Young Turks seek job security
ISTANBUL- Anadolu Agency
In an exclusive interview with Anadolu Agency, Evrim Kuran, the director of an employer branding research and consulting company, said the employment expectations of Generation Y in Turkey are similar to those of Baby Boomers and Generation X.
In general, people born between 1946 and 1964 are known as Baby Boomers and Generation Xers were born between 1965 and 1979, while those born between 1980 and 1994 are known as Generation Y.
Generation Z, who are just starting to enter the workforce, were born after 1996.
“Our research indicates that the stress levels of young Turkish people are very high compared to many other countries,” Kuran said.
Kuran said recent graduates and college students in Turkey have more traditional expectations, which is not surprising.
She noted that the insufficient number of young entrepreneurs could be directly related to the country’s education system.
“Our system does not support critical thinking and creative intelligence, which are among the most important competencies of the century.

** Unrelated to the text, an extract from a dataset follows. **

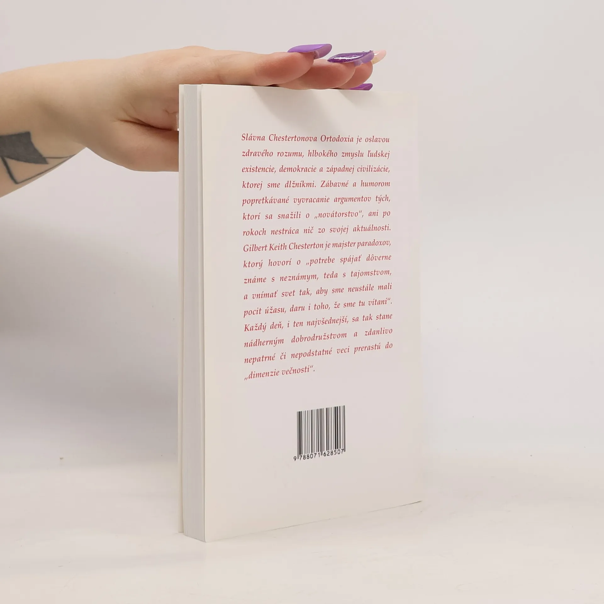 Slávna Chestertonova Ortodoxia je oslavou zdravého rozumu, hlbokého zmyslu ľudskej existencie, demokracie a západnej civilizácie, ktorej sme dlžníkmi. Zábavné a humorom popretkávané vyvracanie argumentov tých, ktorí sa snažili o „novátorstvo“, ani po rokoch nestráca nič zo svojej aktuálnosti. Gilbert Keith Chesterton je majster paradoxov, ktorý hovorí o „potrebe spájať dôverne známe s neznámym, teda s tajomstvom, a vnímať svet tak, aby sme neustále mali pocit úžasu, daru i toho, že sme tu vítaní“. Každý deň, i ten najvšednejší, sa tak stane nádherným dobrodružstvom a zdanlivo nepatrné či nepodstatné veci prerastú do „dimenzie večnosti“. Vydanie prvé
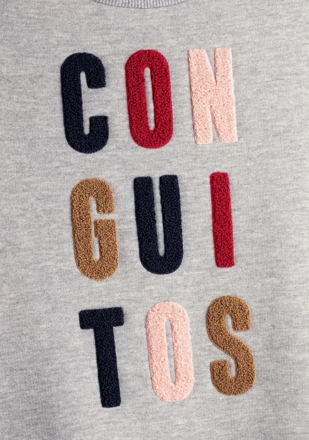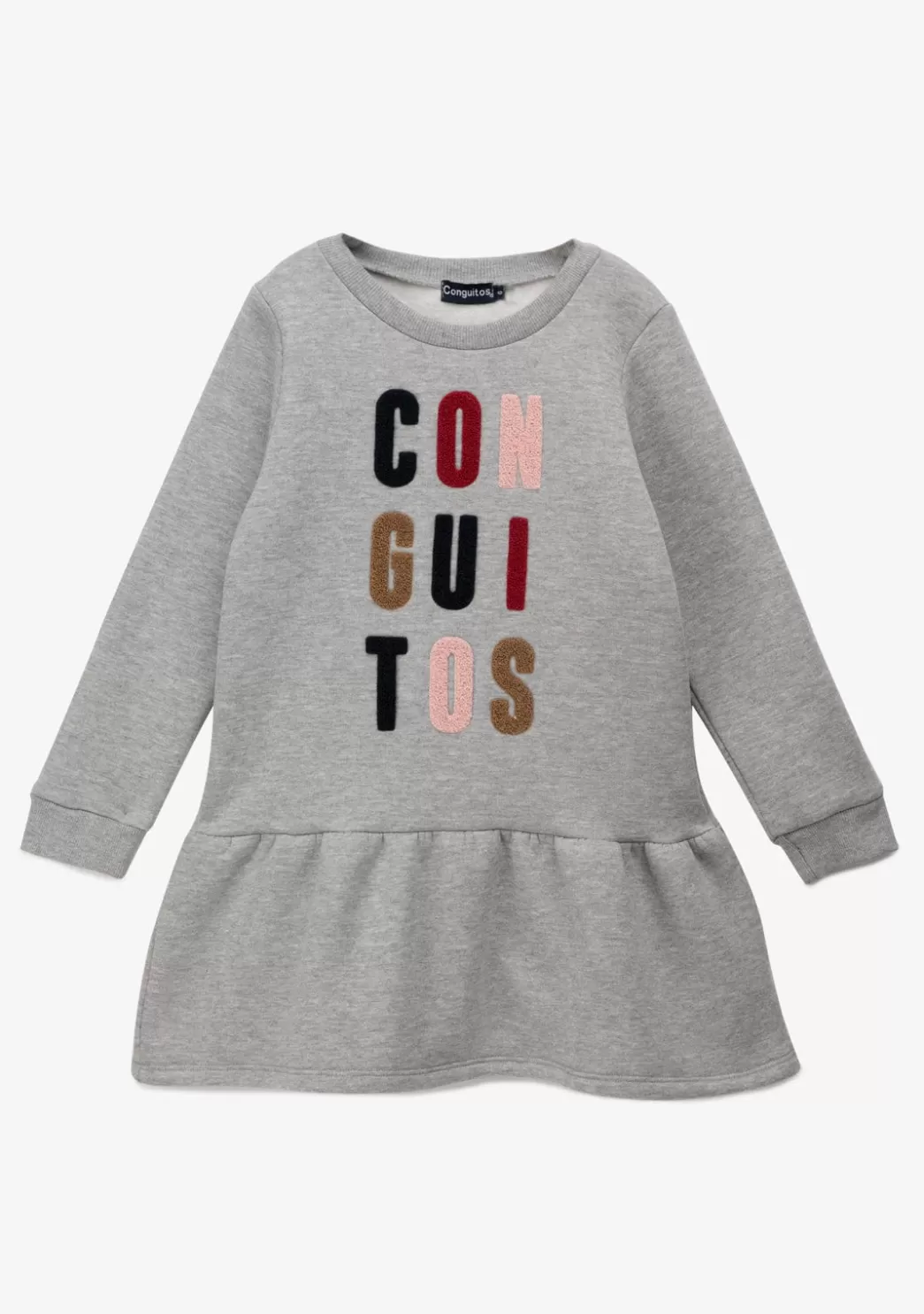 Vestido de niña estilo sudadera con mangas de corte recto y cuello redondo. Puños elásticos. Maxi volante a modo de falda en bajo. Decorado frontal con letras en textura formando la palabra Conguitos.

“Therefore, there are not many young people who pursue innovation, take risks and can work with uncertainties,” Kuran said.
While stressing that Generation Y has less repressive parents, she said it is not true that they grew up more comfortably compared to previous generations.
“We are briefly talking about a generation that is facing unemployment, inadequacy, a lack of talent and professionalism.
“Today, unfortunately, many comparative global studies show that the youth in our country are unable to gain competencies and use them in their careers,” she said.
Research alone not enough
“It is too late to wait and form some kind of competency at university,” she said. “Young talents should be invested in starting from their primary education period.”
Pointing out how difficult it is to be successful in a competitive business environment, Kuran said a huge amount of individual effort has to be made.
Kuran noted that a wide range of studies on Generation Y have been conducted over a decade, providing a meaningful infrastructure for carrying out research on Generation Z.
“However, identifying generations or conducting research to understand them are not enough,” she said. “Actions favorable in theory that fail in practice are useless.”
She urged the public sector to play a more active role in these studies and work on modified models.
“The critical point is what institutions and leaders will contribute to the coming generations.
“They should decide which values of the older generations will be embraced and how to make use of these with the new generations,” she added.